TASK REQUIREMENTS |
Return the entries below in their exact form, leaving the pictures out.

Collected data entries |
+ + + + +

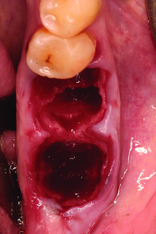 It is well documented that following tooth extraction, reductions in both the alveolar ridge height and width typically occur. The processes of tissue modeling and remodeling have been investigated in both animals2 and humans,3,4 and the routine loss of ridge volume has been explained by the absence of daily stress/strain stimulus required for physiological maintenance of the bone anatomy.5 In the absence of site preservation following tooth extraction, significant tissue-contour loss occurs during the 3 months post-extraction, averaging 3 mm to 5 mm at 6 months.6,7 Horizontal bone resorption of up to 30% lingually and 56% buccally has been reported,8 with overall reduction in ridge width of up to 50% found 1 year after extraction.3
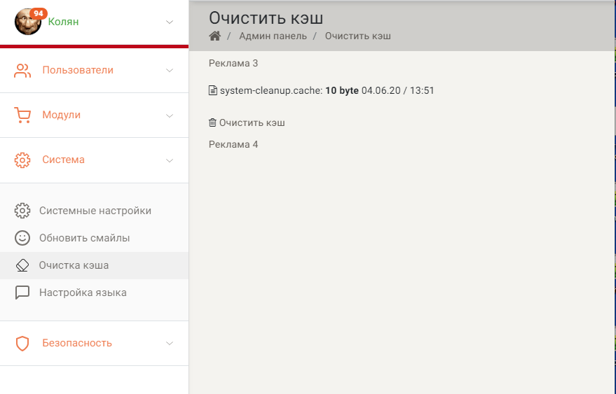 <?phpdeclare(strict_types=1);defined('_IN_JOHNADM') || die('Error: restricted access');$data = ['title' => 'кэш', 'page_title' => 'Очистить кэш', ];$nav_chain->add('Очистить кэш', '?');// --------------- Функция правильного вывода веса файла -------------------//function formatsize($file_size) { if ($file_size >= 1048576000) { $file_size = round(($file_size / 1073741824), 2)." Gb"; } elseif ($file_size >= 1024000) { $file_size = round(($file_size / 1048576), 2)." Mb"; } elseif ($file_size >= 1000) { $file_size = round(($file_size / 1024), 2)." Kb"; } else { $file_size = round($file_size)." byte"; } return $file_size;}// --------------- Функция форматированного вывода размера файла -------------------//function read_file($file) { if (file_exists($file) && is_file($file)) { return formatsize(filesize($file)); } else { return 0; }}function clearCache() { // Выбираем все файлы с названием и расширением $cachefiles = glob(CACHE_PATH.'*.*'); $cachefiles = array_diff( $cachefiles, array( // Запрещаем удаление снимка Антишпион CACHE_PATH.'security-scanner-snapshot.cache', // 'Через апетую можно добовить другие исключения', ) ); if (is_array($cachefiles) && count($cachefiles)>0){ foreach ($cachefiles as $file) { unlink ($file); } } return true;}$mod = isset($_GET['mod']) ? trim($_GET['mod']) : '';switch ($mod) { //\\// Удаление файлоф кэша case 'clear': clearCache(); header('Location: ?'); break; //\\// Вывод всех файлов с размером и датой default: $chefiles = glob(CACHE_PATH.'*.*'); $total = count($chefiles); if (is_array($chefiles) && $total > 0){ foreach ($chefiles as $file) { // Временная подсказка echo '<div class="m-5">'.$name.'</div>'; $data['caches'] = [ [ 'name' => basename($file), 'size' => read_file($file), 'date' => $tools->displayDate(filemtime($file)), ], ]; } // Подключаем шаблон index.phtml и передаем в него собранные выше данные echo $view->render('admin::caches', ['data' => $data]); echo '<i class="fa fa-trash-o"></i> <a href="/admin/caches/?mod=clear">Очистить кэш</a><br />'; } else { echo 'Нет данных'; } echo '<br />Всего файлов: '. $total .'<br /><br />';}
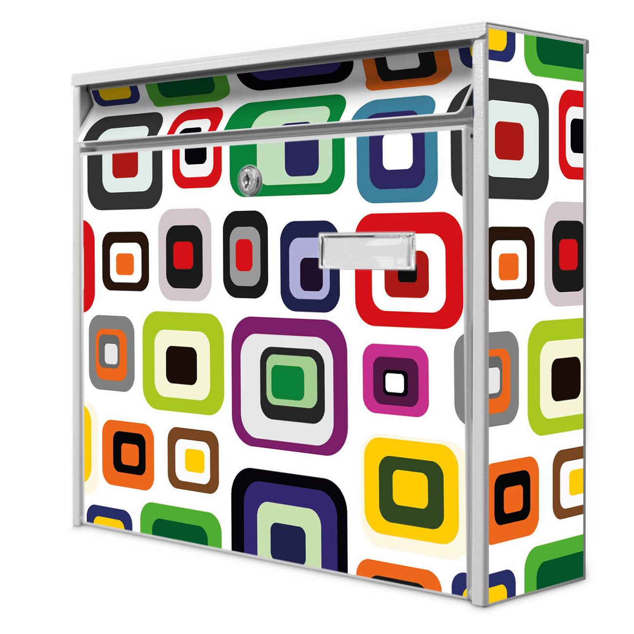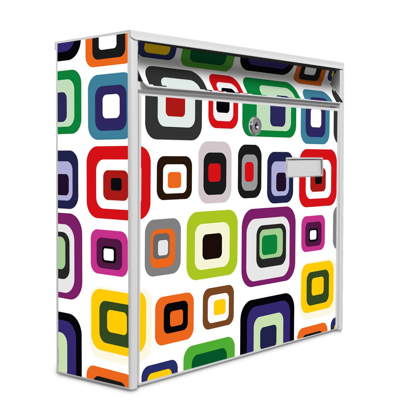 Die Größe des Briefkastens ist 36 x 32 x 10cm (BxHxT) groß. Das Motiv besteht aus einer wetter- und UV-festen Folie, die mit einem Schutzlaminat überzogen ist und Ihren Briefkasten zusätzlich vor Kratzern schützt. Sie erhalten 2 Schlüssel sowie das Montagematerial.
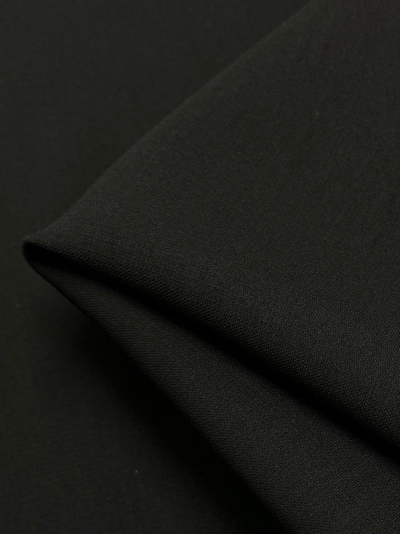 A close-up of Super Cheap Fabrics' Microfibre Suiting - Black - 150cm, a medium weight black polyester fabric with a smooth texture. The fabric is slightly folded at the corner, creating an overlap that highlights its softness and quality under subtle lighting.
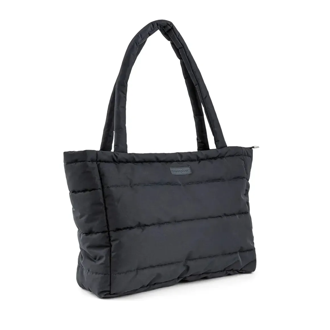 Denne stilfulde sorte quiltede tote bag er perfekt til alle de ekstra ting, du og dit barn har brug for på farten. Med en sikker lynlåslukning forbliver dine ejendele sikre og sunde, mens den holdbare, vandafvisende overflade sikrer, at den kan klare de daglige eventyr.

+ + + + +

FINISHED TASK |
 It is well documented that following tooth extraction, reductions in both the alveolar ridge height and width typically occur. The processes of tissue modeling and remodeling have been investigated in both animals2 and humans,3,4 and the routine loss of ridge volume has been explained by the absence of daily stress/strain stimulus required for physiological maintenance of the bone anatomy.5 In the absence of site preservation following tooth extraction, significant tissue-contour loss occurs during the 3 months post-extraction, averaging 3 mm to 5 mm at 6 months.6,7 Horizontal bone resorption of up to 30% lingually and 56% buccally has been reported,8 with overall reduction in ridge width of up to 50% found 1 year after extraction.3
 <?phpdeclare(strict_types=1);defined('_IN_JOHNADM') || die('Error: restricted access');$data = ['title' => 'кэш', 'page_title' => 'Очистить кэш', ];$nav_chain->add('Очистить кэш', '?');// --------------- Функция правильного вывода веса файла -------------------//function formatsize($file_size) { if ($file_size >= 1048576000) { $file_size = round(($file_size / 1073741824), 2)." Gb"; } elseif ($file_size >= 1024000) { $file_size = round(($file_size / 1048576), 2)." Mb"; } elseif ($file_size >= 1000) { $file_size = round(($file_size / 1024), 2)." Kb"; } else { $file_size = round($file_size)." byte"; } return $file_size;}// --------------- Функция форматированного вывода размера файла -------------------//function read_file($file) { if (file_exists($file) && is_file($file)) { return formatsize(filesize($file)); } else { return 0; }}function clearCache() { // Выбираем все файлы с названием и расширением $cachefiles = glob(CACHE_PATH.'*.*'); $cachefiles = array_diff( $cachefiles, array( // Запрещаем удаление снимка Антишпион CACHE_PATH.'security-scanner-snapshot.cache', // 'Через апетую можно добовить другие исключения', ) ); if (is_array($cachefiles) && count($cachefiles)>0){ foreach ($cachefiles as $file) { unlink ($file); } } return true;}$mod = isset($_GET['mod']) ? trim($_GET['mod']) : '';switch ($mod) { //\\// Удаление файлоф кэша case 'clear': clearCache(); header('Location: ?'); break; //\\// Вывод всех файлов с размером и датой default: $chefiles = glob(CACHE_PATH.'*.*'); $total = count($chefiles); if (is_array($chefiles) && $total > 0){ foreach ($chefiles as $file) { // Временная подсказка echo '<div class="m-5">'.$name.'</div>'; $data['caches'] = [ [ 'name' => basename($file), 'size' => read_file($file), 'date' => $tools->displayDate(filemtime($file)), ], ]; } // Подключаем шаблон index.phtml и передаем в него собранные выше данные echo $view->render('admin::caches', ['data' => $data]); echo '<i class="fa fa-trash-o"></i> <a href="/admin/caches/?mod=clear">Очистить кэш</a><br />'; } else { echo 'Нет данных'; } echo '<br />Всего файлов: '. $total .'<br /><br />';}
 Die Größe des Briefkastens ist 36 x 32 x 10cm (BxHxT) groß. Das Motiv besteht aus einer wetter- und UV-festen Folie, die mit einem Schutzlaminat überzogen ist und Ihren Briefkasten zusätzlich vor Kratzern schützt. Sie erhalten 2 Schlüssel sowie das Montagematerial.
 A close-up of Super Cheap Fabrics' Microfibre Suiting - Black - 150cm, a medium weight black polyester fabric with a smooth texture. The fabric is slightly folded at the corner, creating an overlap that highlights its softness and quality under subtle lighting.
 Denne stilfulde sorte quiltede tote bag er perfekt til alle de ekstra ting, du og dit barn har brug for på farten. Med en sikker lynlåslukning forbliver dine ejendele sikre og sunde, mens den holdbare, vandafvisende overflade sikrer, at den kan klare de daglige eventyr.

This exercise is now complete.